On 30 August 2003, the Export Import Bank of China (EXIM Bank) and the
Department of Finance of the Philippines (DOF) entered into a Memorandum of
Understanding, wherein China agreed to extend Preferential Buyers Credit to the
Philippine government to finance the Northrail Project. The Chinese government
designated EXIM Bank as the lender, while the Philippine government named the
DOF as the borrower. Under the Aug 30 MOU, EXIM Bank agreed to extend an
amount not exceeding USD 400,000,000 in favor of the DOF, payable in 20 years,
with a 5-year grace period, and at the rate of 3% per annum.
On 1 October 2003, the Chinese Ambassador to the Philippines, Wang
Chungui, wrote a letter to DOF Secretary Jose Isidro Camacho informing him of
CNMEGs designation as the Prime Contractor for the Northrail Project. On 30
December 2003, Northrail and CNMEG executed a Contract Agreement for the
construction of Section I, Phase I of the North Luzon Railway System from Caloocan
to Malolos on a turnkey basis (the Contract Agreement). The contract price for the
Northrail Project was pegged at USD 421,050,000.

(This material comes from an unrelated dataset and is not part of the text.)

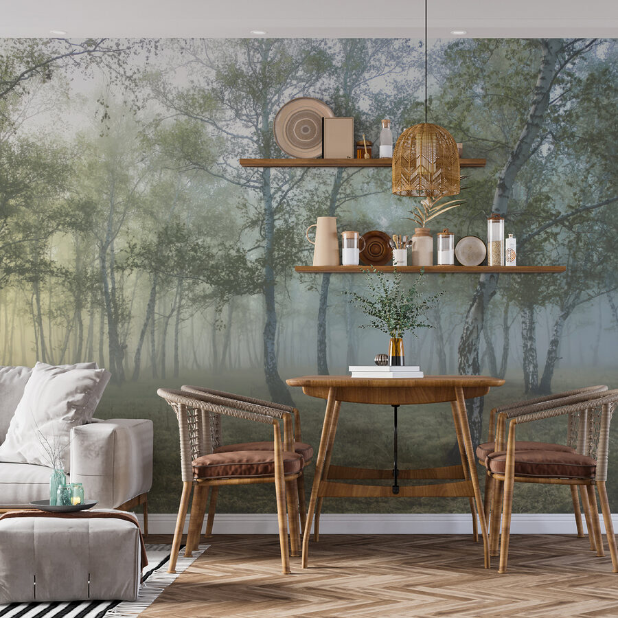 Imaginez un peu : vous entrez dans une pièce et la voilà – une forêt sereine, avec cette lueur matinale parfaite et brumeuse tout droit sortie d’un rêve. Bienvenue au “lever de soleil brumeux dans une forêt paisible”. C’est comme si vous entriez dans votre propre retraite forestière privée ! Imaginez que vous commenciez votre journée avec une tasse de café, en contemplant cette peinture murale et en sentant le calme vous envahir.

On 26 February 2004, the Philippine government and EXIM Bank entered into
a counterpart financial agreement, the Buyer Credit Loan Agreement. In the Loan
Agreement, EXIM Bank agreed to extend Preferential Buyers Credit in the amount
of USD 400,000,000 in favor of the Philippine government in order to finance the
construction of Phase I of the Northrail Project.
ISSUE:
Whether the Contract Agreement is an executive agreement.
RULING:
Under the Vienna Convention on the Law of Treaties defines a treaty as, An
international agreement concluded between States in written form and governed by
international law, whether embodied in a single instrument or in two or more
related instruments and whatever its particular designation. The Court held that an
executive agreement is similar to a treaty, except that the former (a) does not
require legislative concurrence; (b) is usually less formal; and (c) deals with a
narrower range of subject matters.
Despite these differences, to be considered an executive agreement, the
following three requisites provided under the Vienna Convention must nevertheless

concur: (a) the agreement must be between states; (b) it must be written; and (c) it
must governed by international law. The first and the third requisites do not obtain
in the case at bar.
The Contract Agreement was not concluded between the Philippines and
China, but between Northrail and CNMEG. By the terms of the Contract Agreement,
Northrail is a government-owned or -controlled corporation, while CNMEG is a
corporation duly organized and created under the laws of the Peoples Republic of
China. Thus, both Northrail and CNMEG entered into the Contract Agreement as
entities with personalities distinct and separate from the Philippine and Chinese
governments, respectively.
Neither can it be said that CNMEG acted as agent of the Chinese government.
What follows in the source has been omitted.